You are given following:- - an array A consisting of N positive integers - Q queries of the form L,R,M

consider all subsequences of subarray from L to R of size M.

Determine the sum of Bitwise OR of all these subsequences. Bitwise OR of an empty subsequence is 0. If there is no Subsequence of Length M, print 0.

- print the output with mod 998244353.
- A subsequence is a sequence that can be derived from the given sequence by deleting 0 or more elements without changing the order of the remaining elements.
- 1 based indexing is followed.

Example A=[1,2,3] Q=[1,3,2] // L,R,M

subarray= [1,2,3] for this we have 3 subsequences of length 2. - [1,2] [2,3] [1,3]

Bitwise OR of all above subsequences is 3+3+3=9 , so output is 9

constraints as below

I have tried solving above using Bit-manipulation but it works only for small test cases. i can post my solution as well if you want

Operate on each bit separately. For ith bit = ((r-l+1,m)-(# off bits,m))*2^i , where (a,b) is binomial coefficient.

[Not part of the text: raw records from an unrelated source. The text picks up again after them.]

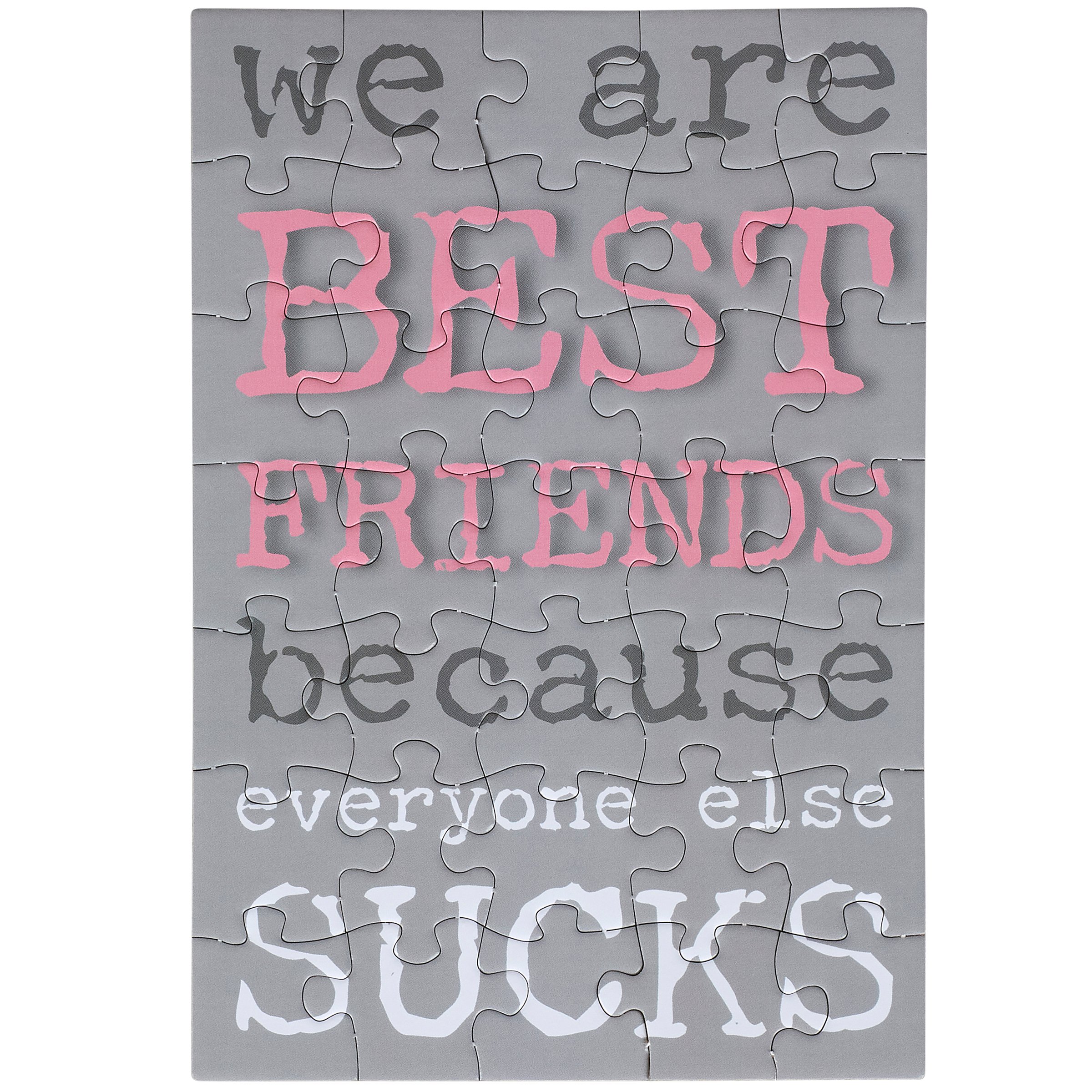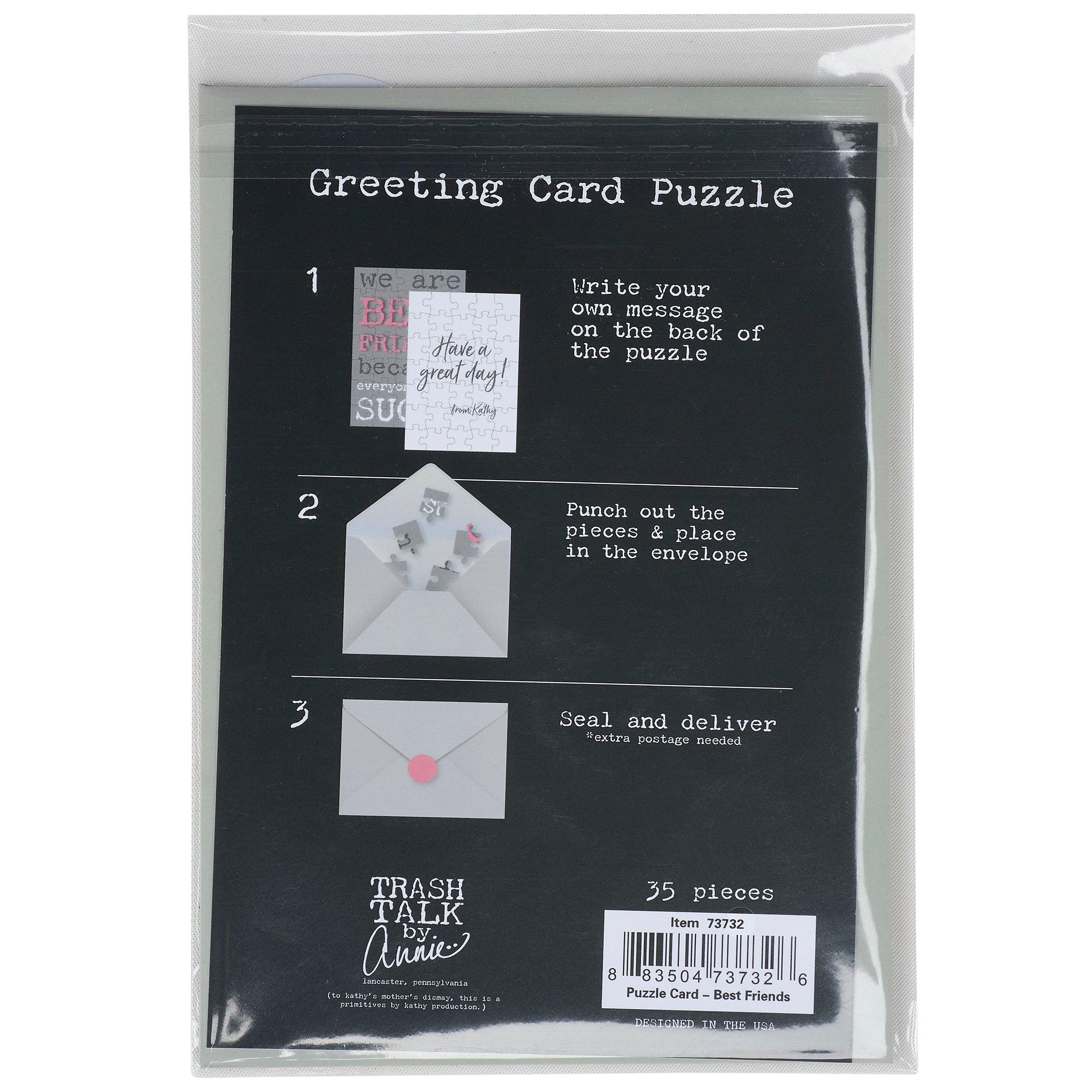 A greeting card puzzle from our Trash Talk By Annie Collection combining the excitement of receiving a greeting card with the joy of completing a puzzle. Our sassy puzzle cards include a blank space on the back to write a personal message, or express creativity in any way, before breaking up the puzzle for someone special to piece together the fun inside! We get them started with a sassy friendship themed sentiment on the front in a fun retro style that reads "We Are Best Friends Because Everyone Else Sucks." After personalizing the back, they break up the 35 piece puzzle and place the pieces in the included gray envelope. The puzzle card and envelope are packaged in a polybag with an insert displaying easy-to-follow instructions. Due to the shape and weight, extra postage is required when mailing puzzle cards. There's no need to wait for a special occasion or a specific holiday, our Best Friends Because puzzle card is perfect for any moment they want to reach out to friends and family.
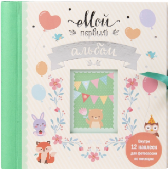 изд. Росмэн, 44 стр. Замечательный подарок к рождению ребенка! В этом альбоме с нежными иллюстрациями есть все необходимое, чтобы сохранить драгоценные воспоминания о первом годе жизни малыша: конверты для памятных вложений, места для вклеивания фотографий и для записей о главных событиях первого года жизни. А еще мам и пап ждет приятный сюрприз — 12 крупных наклеек для фотосессии первого года!
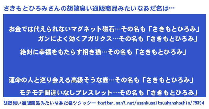 | 男性向けラノベタイトル風あだ名 | 『さきもとひろみという概念が存在しない退屈な世界 』 |
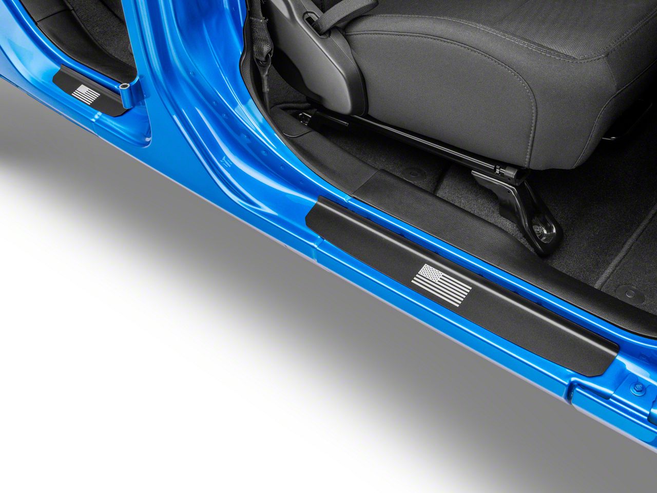 Patriotic Styling. A set of Old Glory Door Sill Guards are a great way to add patriotic styling to your Jeep's interior and bring a smile to your face every time you open the door. These Sill Guards are simple to install and easily cover up existing scratches to enhance appearance of your Jeep.
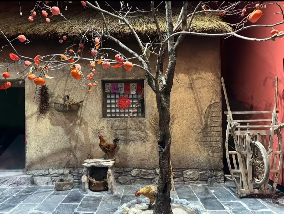 而在博物馆的另一处角落,展现的是一幅充满生活气息的庭院场景,一棵光秃秃的树枝上挂满了红彤彤的柿子和一串串红辣椒,这独特的装饰方式让人眼前一亮。柿子寓意着“事事如意”,红辣椒象征着红红火火,两者结合,表达了人们对生活的美好期盼。树下,几只栩栩如生的鸡正在觅食,旁边的石磨和手推车仿佛在诉说着过去人们辛勤劳作的故事。墙上的窗花和福字与屋内场景相呼应,而那辆老旧的手推车则让人联想到过去人们在春节前忙碌地准备年货,走亲访友的热闹场景。这些看似平凡的物品和场景,却蕴含着深厚的春节民俗文化,它们是历史的见证,是传统文化的传承。
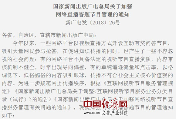 國家新聞出版廣電總局關于加強網(wǎng)絡直播答題節(jié)目管理的通知
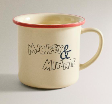 Children's ceramic mug with a contrast-coloured border and Mickey & Minnie Mouse ©Disney character motifs.

Hi could you elaborate little more? i m kind of beginner, so could not connect much. may be small example would be useful. thanks

This should help if you aren't the same guy who posted it there too.

I am not the same. But Thanks

Let's rephrase this problem , consider a binary sequence [0,0,0,1,1,1] how many sub sequences exist of a given sequence having length m such that it contains at least single 1 ?? (# sub sequence of length m — # sub sequence containing only 0)

let consider each bit at a time.let p be the no of ones and q be the no of zeroes at ith bit.your answer will be summation of c(p,k)*c(q,m-k)*(1<<i-1) ,where k is from 1 to m.